A broad alliance seeking to unseat Iraq's prime minister on Wednesday failed to persuade the country's president to make a first move by calling a parliamentary no-confidence vote against the government, a lawmaker said.
Iraq's Shiite-dominated ruling coalition is increasingly shaky. One coalition member, the heavily Sunni Iraqiya movement, has long complained about being shut out of decision-making. Recently, two other groups Prime Minister Nouri al-Maliki had courted successfully _ Kurds and the hard-line Shiite followers of prominent cleric Muqtada al-Sadr _ have also threatened to defect.
On Wednesday, Iraqi President Jalal Talabani held a round of meetings with Kurdish, Sunni and Sadrist politicians in a resort in Iraq's autonomous northern Kurdistan region to hear their demands.
"They could not persuade the president to send a message to parliament to hold a vote of no-confidence," said Kurdish lawmaker Mahmud Othman. He said Talabani prefers to convene talks among all coalition members to resolve their differences.
Talabani later issued a vague statement, saying he remained committed to the constitution.
Even if a no-confidence vote were held, it is not clear if al-Maliki's opponents could muster the needed absolute majority, or 163 of parliament's 325 members, to bring down the government.
Earlier Wednesday, two senior politicians said Iraq's powerful Shiite neighbor, Iran, has stepped up efforts to protect al-Maliki.
"There is some Iranian pressure on the president (Talabani) not to send the letter to parliament (requesting the no-confidence vote) and to support al-Maliki," said a lawmaker of al-Maliki's political bloc, speaking on condition of anonymity because he was not permitted to discuss sensitive political dealings with reporters.

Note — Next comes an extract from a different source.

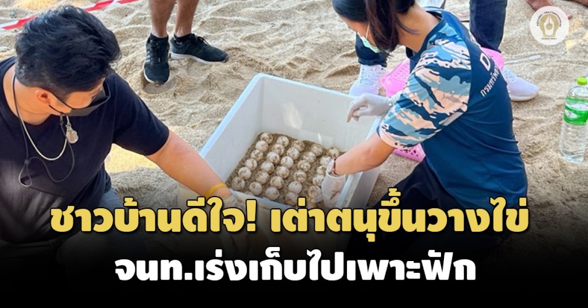 จ.ภูเก็ต เจ้าหน้าที่เก็บไข่เต่าตนุขึ้นวางไข่กลางดึกบนชายหาดอ่าวเสนรังแรกปีนี้ไปเพาะฟักแล้วเนื่องจากมีน้ำทะเลท่วมถึง ชาวบ้านตื่นเต้น
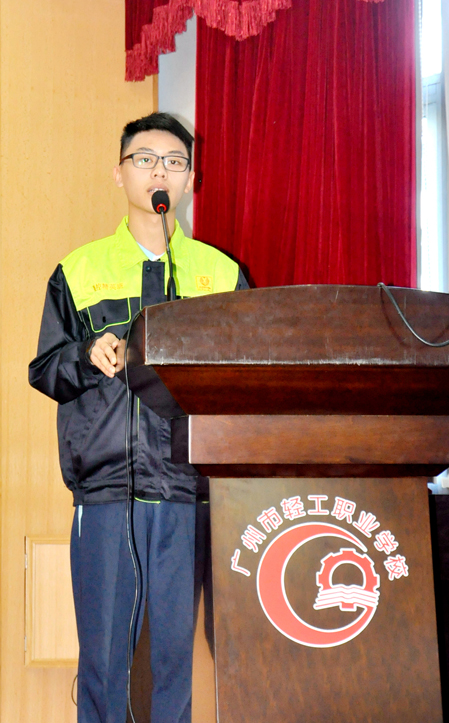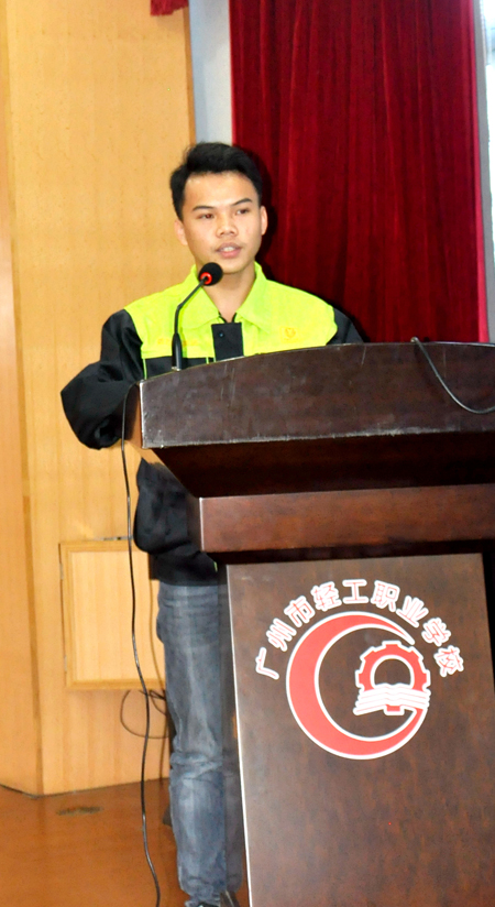 儀式還對在2016年廣州市中職學(xué)生技能競賽中取得了優(yōu)異成績的數(shù)控精英進(jìn)行了頒獎。其中數(shù)控車項(xiàng)目第一名獲得者劉海祥同學(xué)向大家分享了備賽過程的苦與樂。

Talabani is a Kurd but has close ties to Iran.
A senior Sadrist said al-Maliki is still seen by the movement as the best option, despite growing concerns that he is amassing power. Iran's top Shiite cleric, Grand Ayatollah Kazim al-Haeri, recently sent a message to al-Sadr urging him to avoid splitting Iraq's Shiites, said the Sadrist, who also spoke on condition of anonymity.
"There is a problem because the downfall of al-Maliki would create rifts among Shiites," said the Sadrist politician.